As the houselights dimmed, an expectant hush fell over the crowd. And never lifted. It was like being in an audience consisting entirely of mutes and mimes.
Swamis and maharishis are (potentially funny) people, too -- no more lampoon-proof than priests, rabbis or imams. But with "The Love Guru," multi-talented mega-comic Mike Myers has achieved the impossible: a comedy that's unfunny in general and in every particular.
Myers plays Guru Pitka, a Yankee raised on an ashram in India. His dharma nonsense includes power-point presentations on the words "intimacy" ("Into Me I See") and "nowhere" ("Now Here!"). Currently, he is the world's second-biggest guru -- after Deepak Chopra. With a burning, jealous desire to appear on "Oprah," he and his Faithful Indian Companion Rajneesh (Manu Narayan, who grew up in Delmont) are lured back to the States by the lucrative prospects of its self-help business.
There, Guru Pitka's first spiritual challenge is to restore romantic and professional bliss to Toronto Maple Leafs hockey star Darren Roanoke (Romany Malco), whose foxy wife (Megan Good) has dumped him for rival star Jacques Le Coq Grande (Justin Timberlake). Jessica Alba plays the team's unpopular owner. Its head coach, Punch Cherkov, is played by dwarfish Verne Troyer, better known (and cast) as Dr. Evil's Mini-Me in the "Austin Powers" series.
All of them are dwarfed by the film's huge quantity and low quality of juvenile humor: more penile and testicular jokes than you can shake a truss at, including: "If your Uncle Jack helped you off an elephant, would you help your Uncle Jack off an elephant?" (Speaking of which, there's an actual elephant-coupling scene.)
Along the way, there are a few mildly amusing spoofs of Bollywood song-and-dance numbers (lyrics: "Surely you are a goddess who fills my heart with lugubrious recalcitrance"), plus parodies of Dolly Parton's "9 to 5" and Steve Miller's "Joker," as well as a nice Mike and Manu guitar-sitar duet. Had its primary comic focus been musical rather than scatological, "Love Guru" might have swum instead of sunk.

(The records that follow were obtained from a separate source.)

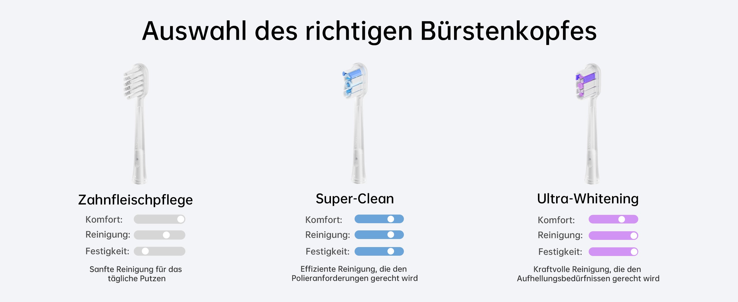 Was ist der Unterschied zwischen der weißen und der transparenten Farbe des Zahnbürstenkopfes?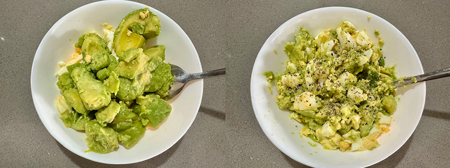 6.用湯匙前緣切碎攪拌在一起,灑上黑胡椒粒、鹽提味拌勻,就完成酪梨蛋沙拉囉。
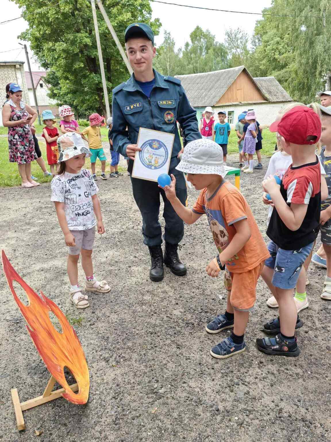 Сотрудники РОЧС провели с детьми игры, напомнили им о правилах пожарной безопансности летом. А ещё ребята смогли посидеть в пожарной машине.
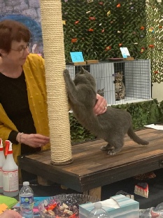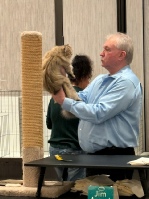 Claude’s tolerance with other cats is slowly getting better. We either walked around among them, or he stayed on the benching table, where people could get to know him better. Our next show is in Brighton, CO (Denver), on the weekend of February 4-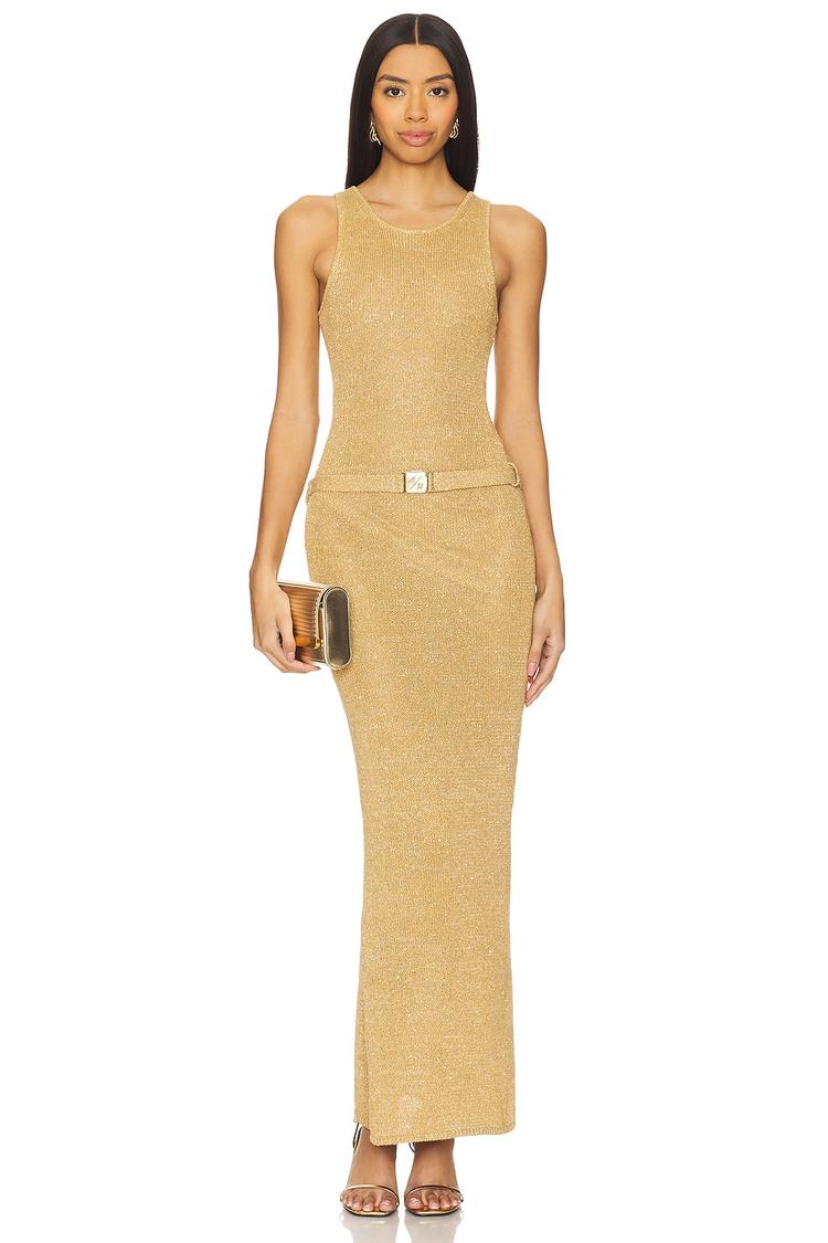 Metallic threading adds a subtle shimmer to this fitted column dress, featuring a high neckline and sleeveless wide straps for a sleek silhouette. The maxi length and clean hemline elongate the figure, while the optional gold belt at the waist enhances the sophisticated look. Crafted from a midweight slinky knit blend of polyester, cotton, rayon, and elastane, this versatile dress suits cocktail parties, date nights, and elegant evening events with ease.

The only explanation for throwing hockey and the Maple Leafs into this lethal mix is that Myers loves the game and lives in Toronto -- i.e., a Canadian's desire to shoot, shuck and jive for six weeks in Canada.
I'm a big fan of Myers' "Wayne's World," his inspired Linda Richman and Austin Powers characters, and his "So I Married an Axe Murderer." But he falls flat here, taking the likes of Ben Kingsley, Kanye West, Val Kilmer and Jessica Simpson (embarrassing themselves in minor roles) along with him. Only Stephen Colbert's drug-crazed sports broadcaster and Tonto-like sidekick Narayan come away unscathed.
Marco Schnabel, who was second-unit director on all three of the Austin Powers movies, is an adoring fan and pal of Myers. This is Schnabel's feature-film debut -- and, it is hoped, swan song. He should have chosen self-immolation, in protest, rather than accept this assignment. The slapstick mess of a script by Myers and Graham Gordy is as ethnist-racist as it gets, doing for Indian sensibilities what the Stepin Fetchit flicks did for African Americans.
Remember the audience's stunned silence that greeted "Springtime for Hitler" in "The Producers"? That collective spell of disbelief -- how could anything be so appallingly tasteless? -- was followed by a delayed realization of how funny it was.
In "Love Guru," stupefaction reigns and remains, from beginning to end.